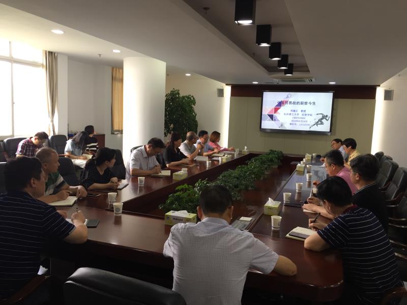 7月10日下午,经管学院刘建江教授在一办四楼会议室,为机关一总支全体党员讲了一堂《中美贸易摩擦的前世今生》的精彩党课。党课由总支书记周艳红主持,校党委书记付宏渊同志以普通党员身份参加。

=-=-=

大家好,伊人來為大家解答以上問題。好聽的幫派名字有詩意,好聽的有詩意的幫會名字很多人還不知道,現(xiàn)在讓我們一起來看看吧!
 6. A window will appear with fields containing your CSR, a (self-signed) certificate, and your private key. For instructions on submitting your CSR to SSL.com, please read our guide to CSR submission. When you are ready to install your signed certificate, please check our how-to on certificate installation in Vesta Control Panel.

=-=-=

ASSIGNED TASK
The range runs from the line with "大家好,伊人來為大家解答以上" up to and including the line with "6. A window" in the listing above; please write out exactly those lines and nothing more.

YOUR SOLUTION
大家好,伊人來為大家解答以上問題。好聽的幫派名字有詩意,好聽的有詩意的幫會名字很多人還不知道,現(xiàn)在讓我們一起來看看吧!
 6. A window will appear with fields containing your CSR, a (self-signed) certificate, and your private key. For instructions on submitting your CSR to SSL.com, please read our guide to CSR submission. When you are ready to install your signed certificate, please check our how-to on certificate installation in Vesta Control Panel.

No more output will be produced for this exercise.